What you are asked to do: From the entries below, return only the lines starting at the one that contains "- Душевое ограждение" and ending at the one that contains "[유엔환경개발회의 한국위원회 행사 참가 의뢰 제92-25호 문서]", exactly as they stand.

======== Exercise input

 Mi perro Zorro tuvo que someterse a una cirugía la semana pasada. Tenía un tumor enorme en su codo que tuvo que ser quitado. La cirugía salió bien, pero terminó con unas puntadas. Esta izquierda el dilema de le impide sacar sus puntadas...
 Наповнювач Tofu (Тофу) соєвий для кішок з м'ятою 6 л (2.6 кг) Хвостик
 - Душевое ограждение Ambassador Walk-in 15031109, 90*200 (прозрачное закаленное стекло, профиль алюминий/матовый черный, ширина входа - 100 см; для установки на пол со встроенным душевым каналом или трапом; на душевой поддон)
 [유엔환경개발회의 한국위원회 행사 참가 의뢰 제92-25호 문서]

================
======== Exercise input

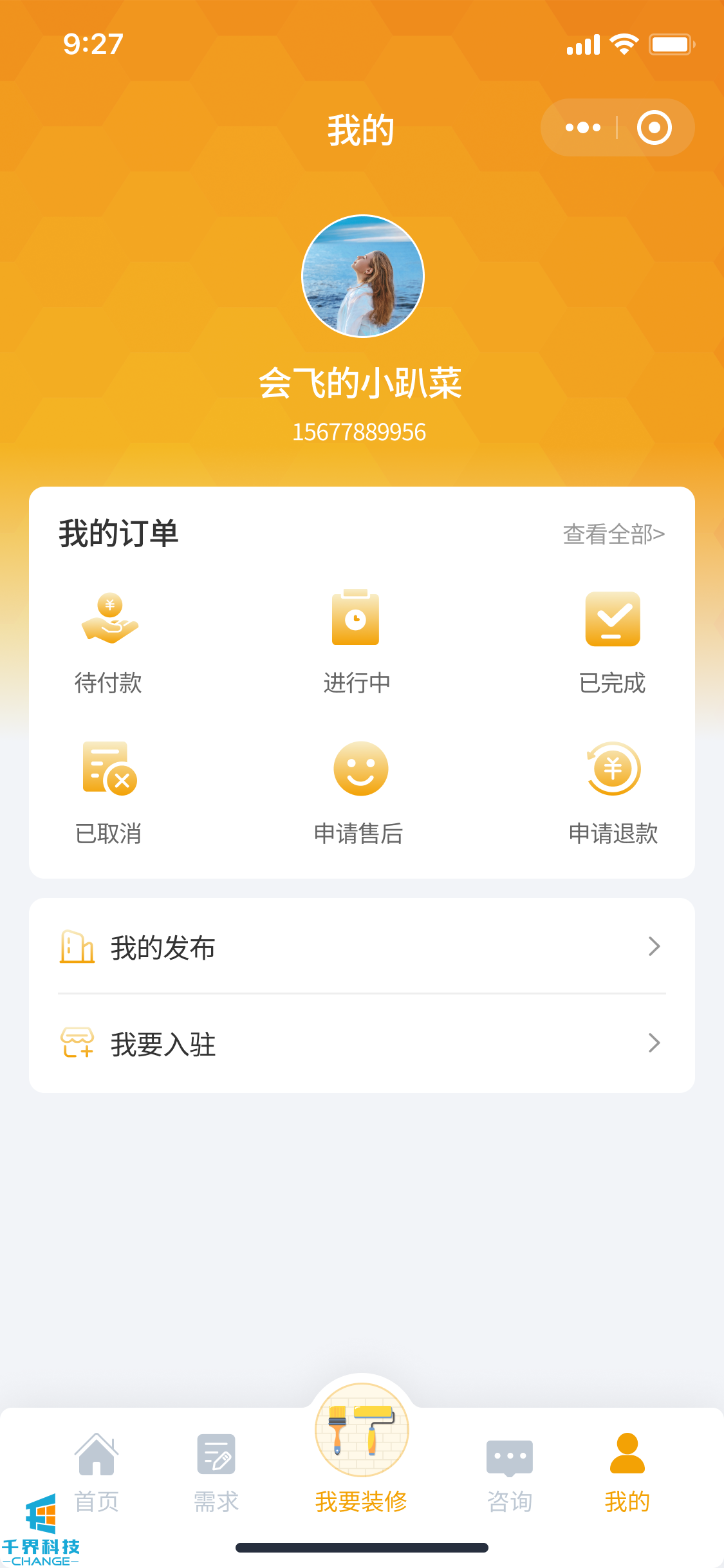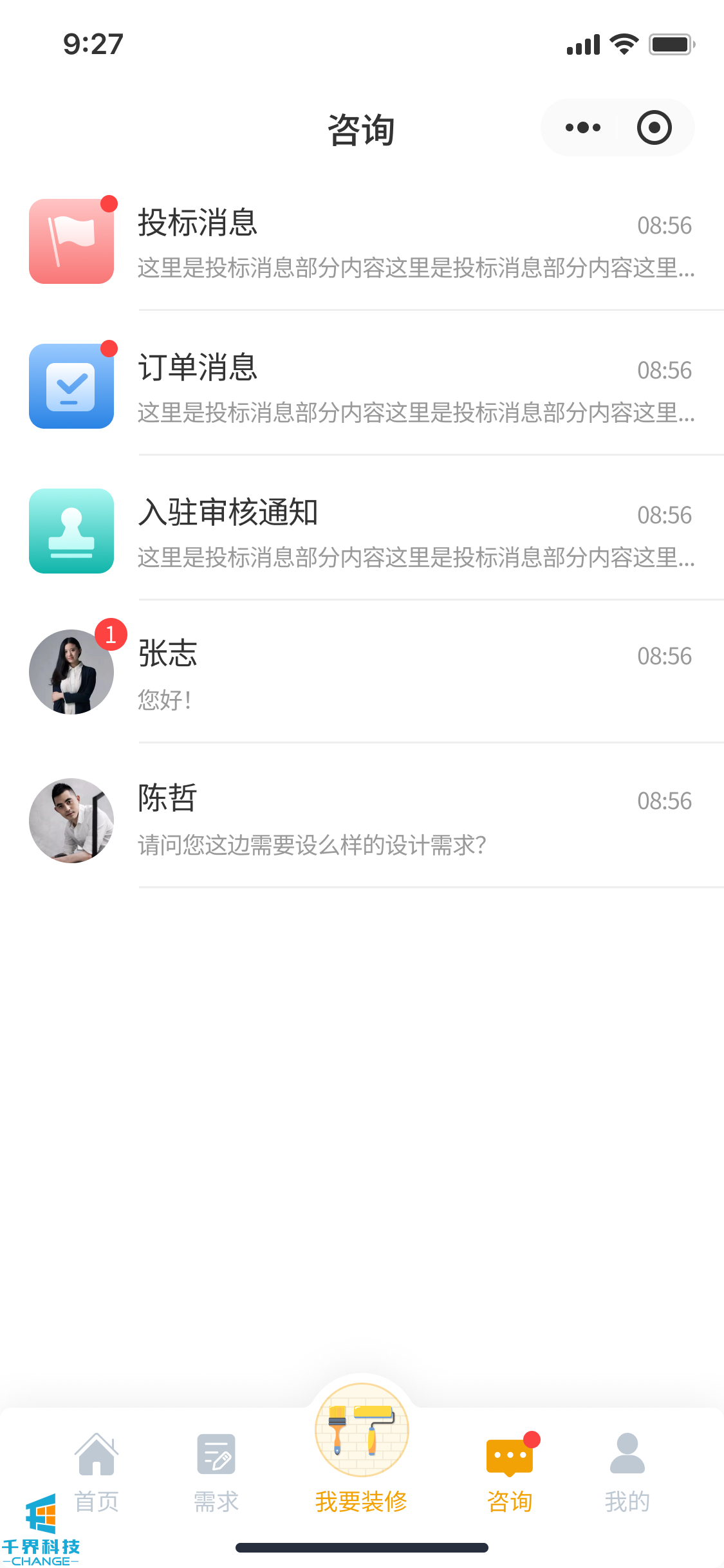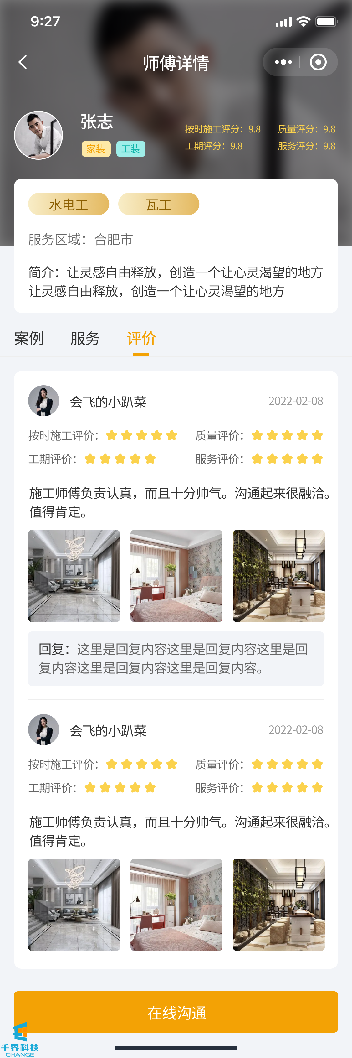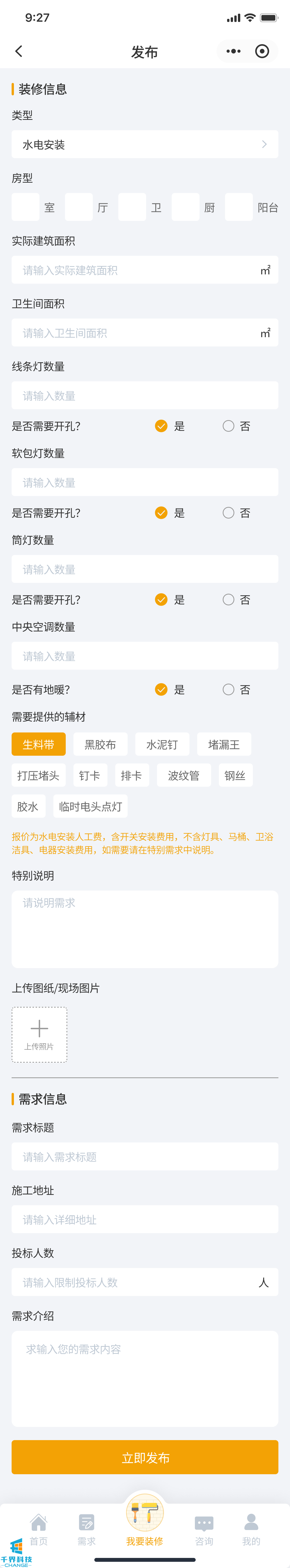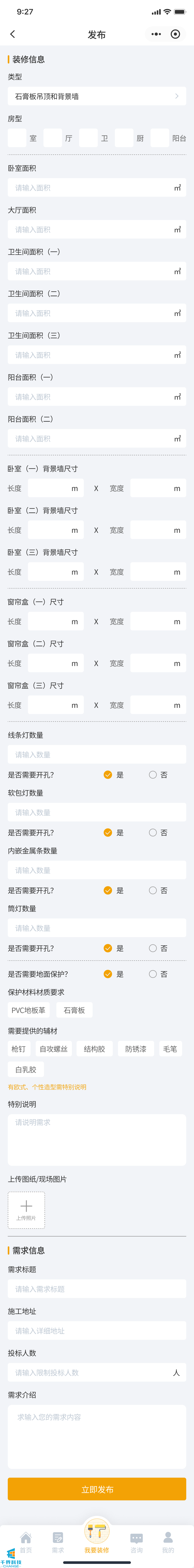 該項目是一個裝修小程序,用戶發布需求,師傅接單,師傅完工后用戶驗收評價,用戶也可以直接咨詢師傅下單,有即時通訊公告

================
======== Exercise input

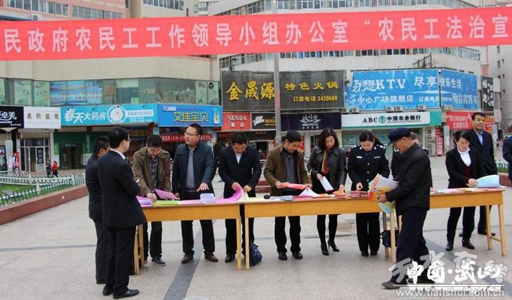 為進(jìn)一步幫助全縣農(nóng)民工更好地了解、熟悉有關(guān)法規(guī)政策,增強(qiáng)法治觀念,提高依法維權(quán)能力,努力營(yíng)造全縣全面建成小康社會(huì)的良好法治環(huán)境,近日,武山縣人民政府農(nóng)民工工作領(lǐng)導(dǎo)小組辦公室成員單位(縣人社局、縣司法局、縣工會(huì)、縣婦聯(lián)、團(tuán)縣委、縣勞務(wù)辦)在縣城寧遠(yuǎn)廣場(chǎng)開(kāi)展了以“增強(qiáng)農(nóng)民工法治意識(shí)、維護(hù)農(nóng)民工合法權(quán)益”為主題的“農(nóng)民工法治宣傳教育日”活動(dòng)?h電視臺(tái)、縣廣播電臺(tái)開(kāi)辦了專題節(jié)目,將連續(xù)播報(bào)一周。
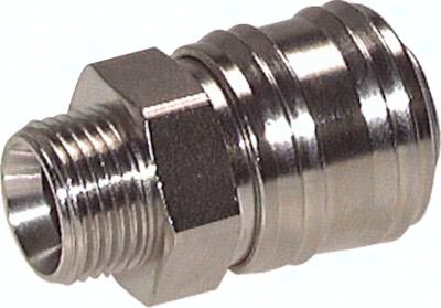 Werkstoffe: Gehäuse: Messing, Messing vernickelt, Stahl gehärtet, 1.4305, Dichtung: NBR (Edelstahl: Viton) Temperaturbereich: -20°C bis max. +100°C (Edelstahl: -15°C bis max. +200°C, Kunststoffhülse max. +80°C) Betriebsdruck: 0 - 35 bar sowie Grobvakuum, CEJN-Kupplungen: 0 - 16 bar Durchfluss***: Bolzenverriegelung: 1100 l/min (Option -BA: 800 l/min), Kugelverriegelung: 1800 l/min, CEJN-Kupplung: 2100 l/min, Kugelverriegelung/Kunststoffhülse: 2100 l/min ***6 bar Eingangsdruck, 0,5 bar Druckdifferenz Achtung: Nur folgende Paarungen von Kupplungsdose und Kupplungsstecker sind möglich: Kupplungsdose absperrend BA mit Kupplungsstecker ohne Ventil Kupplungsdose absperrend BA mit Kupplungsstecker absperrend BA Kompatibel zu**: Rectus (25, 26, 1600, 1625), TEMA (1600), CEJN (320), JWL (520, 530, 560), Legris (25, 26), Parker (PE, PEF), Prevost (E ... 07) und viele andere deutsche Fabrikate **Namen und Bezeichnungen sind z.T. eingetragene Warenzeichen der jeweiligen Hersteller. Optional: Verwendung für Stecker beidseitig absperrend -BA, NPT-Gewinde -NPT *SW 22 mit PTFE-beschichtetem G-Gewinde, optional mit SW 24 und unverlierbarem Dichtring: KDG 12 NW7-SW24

================

Answer:
 - Душевое ограждение Ambassador Walk-in 15031109, 90*200 (прозрачное закаленное стекло, профиль алюминий/матовый черный, ширина входа - 100 см; для установки на пол со встроенным душевым каналом или трапом; на душевой поддон)
 [유엔환경개발회의 한국위원회 행사 참가 의뢰 제92-25호 문서]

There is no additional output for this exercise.